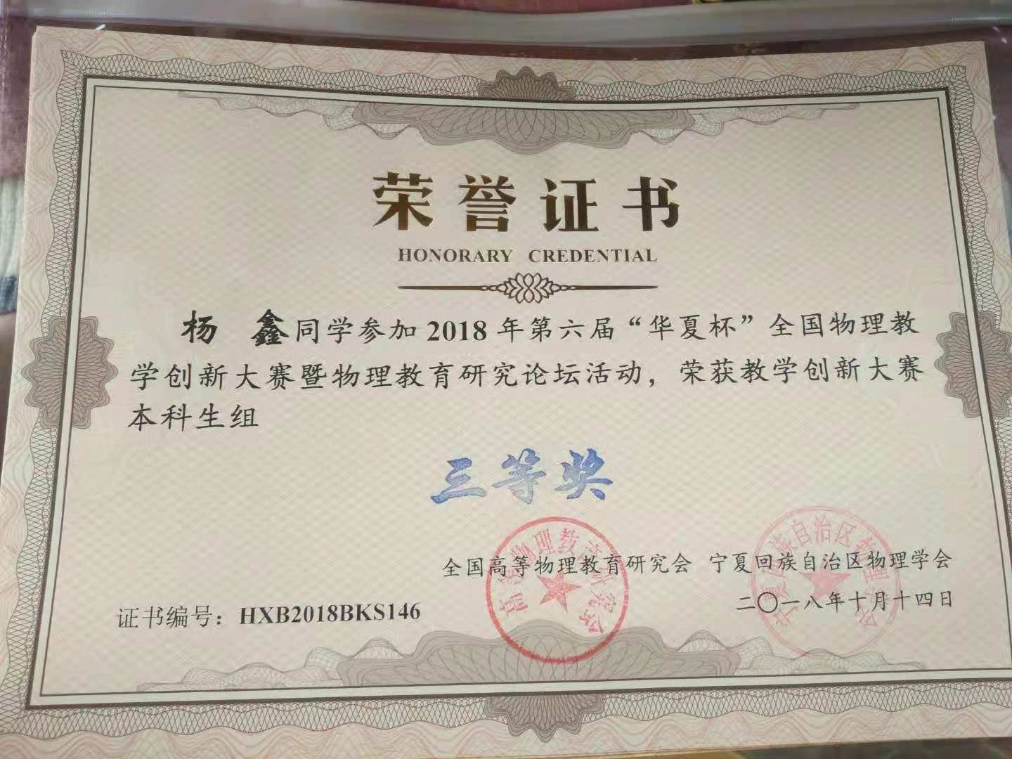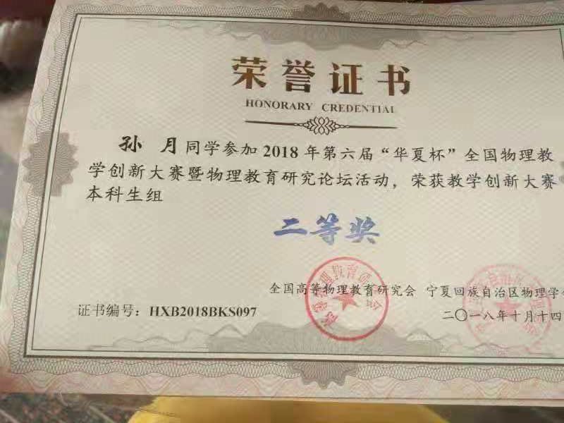 10月13日,由高等物理教育研究会主办,宁夏大学承办的第六届“华夏杯”全国物理教学创新大赛在银川宁夏大学举行,来自全国28个省、市、自治区的57所高校、51所中学共476位代表及选手参赛。我校物理与电子工程学院学生孙月、姚佳运、杨鑫等三人,在教师吴同华、陈薇薇、胡巍的指导下,分获本科组全国二等奖、三等奖。
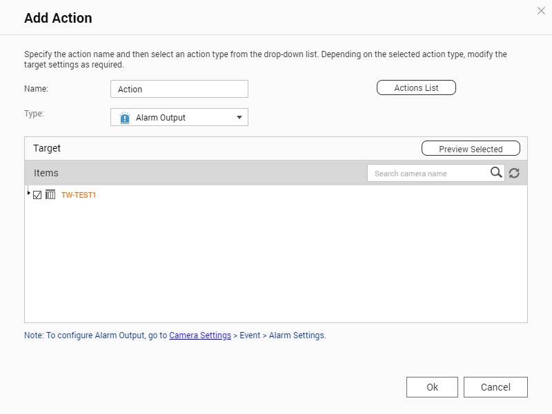QVR Pro 利用“Alarm Output”(警报输出)功能来触发摄像头的数字输出。
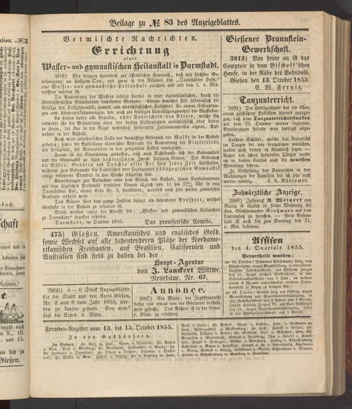 Anzeigeblatt für die Provinzialhauptstadt Gießen. 1840-1867
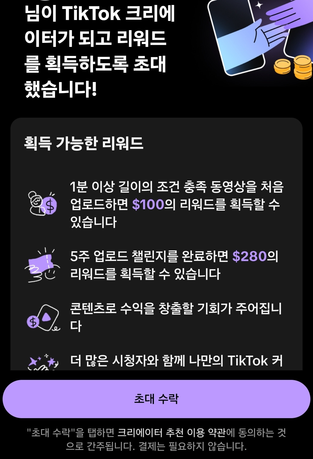단순히 조회수 수익(리워드)을 주는 것 뿐만 아니라, 1분 이상 길이의 영상을 올리면 $100, 5주 동안 $280을 준다고 해서 처음엔 스팸인 줄 알았다.
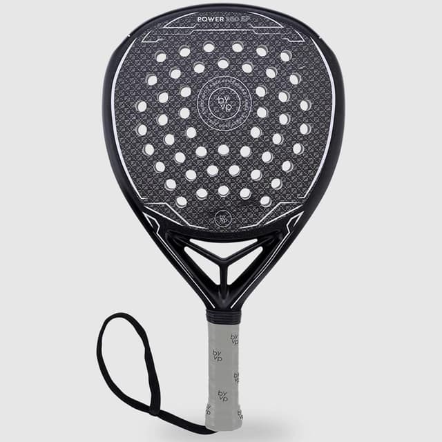 By-VP Padel Racket Diamant Power 300 är ett diamantformat padelracket med en elegant svart design med vita accenter. Racketen har en kolfiberram med en kärna av glasfiber i. Diamant form Racketen har en diamantformad design.
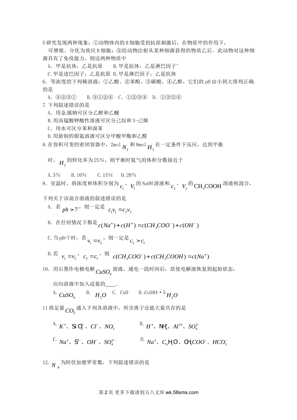 2011年普通高等学校招生全国统一考试理科综合能力测试本试卷分第1卷(选择题)和第2卷(非选择题)两部分,第1卷1至4页,第II卷5至12页,考试结束后,将本试题卷和答题卡一并交回。第I卷注意事项(1)答题前,考...
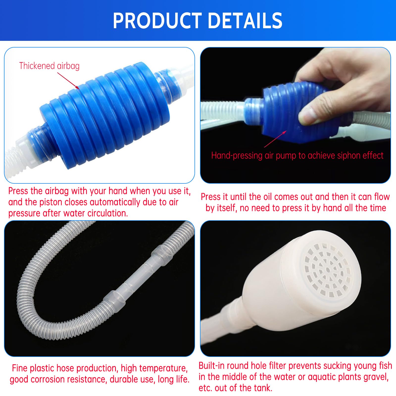 Schluss mit mühsamen Aquarium-Reinigungen! Dieser praktische Kiesreiniger macht die Pflege deines Aquariums zum Kinderspiel. Mit ca. 2,1 m Länge erreichst du auch die hintersten Ecken bequem.\n\nDas intuitive Siphon-System ist perfekt für Anfänger - einfach pumpen und schon fließt das Schmutzwasser ab. Dabei reinigt es gleichzeitig den Kies von Futterresten und Fischausscheidungen. Das verstellbare Durchflussventil gibt dir die totale Kontrolle über den Wasserstand.\n\nNicht nur für Aquarien mit Guppys, Bettas oder Garnelen geeignet, sondern auch für Reptilienbecken und kleine Gartenteiche. Die ergonomische Form passt sich sowohl rechteckigen als auch abgerundeten Becken perfekt an.\n\nMit nur 80 g Gewicht ist der Reiniger super leicht, aber trotzdem stabil. Aus robustem Polypropylen gefertigt, hält er lange und ist einfach zu reinigen.\n\nFür ein gesundes Aquarium-Milieu ist regelmäßige Reinigung essentiell. Dieses Tool hilft dir, das biologische Gleichgewicht zu halten, ohne die nützlichen Bakterien zu stören. Deine Fische werden's dir danken - und du sparst Zeit und Nerven!

################

What to do>
Look above and copy only the lines from the one holding "단순히 조회수 수익(리워드)을" to the one holding "2011年普通高等学校招生全", both included, exactly, minus the pictures.

Task output>
단순히 조회수 수익(리워드)을 주는 것 뿐만 아니라, 1분 이상 길이의 영상을 올리면 $100, 5주 동안 $280을 준다고 해서 처음엔 스팸인 줄 알았다.
 By-VP Padel Racket Diamant Power 300 är ett diamantformat padelracket med en elegant svart design med vita accenter. Racketen har en kolfiberram med en kärna av glasfiber i. Diamant form Racketen har en diamantformad design.
 2011年普通高等学校招生全国统一考试理科综合能力测试本试卷分第1卷(选择题)和第2卷(非选择题)两部分,第1卷1至4页,第II卷5至12页,考试结束后,将本试题卷和答题卡一并交回。第I卷注意事项(1)答题前,考...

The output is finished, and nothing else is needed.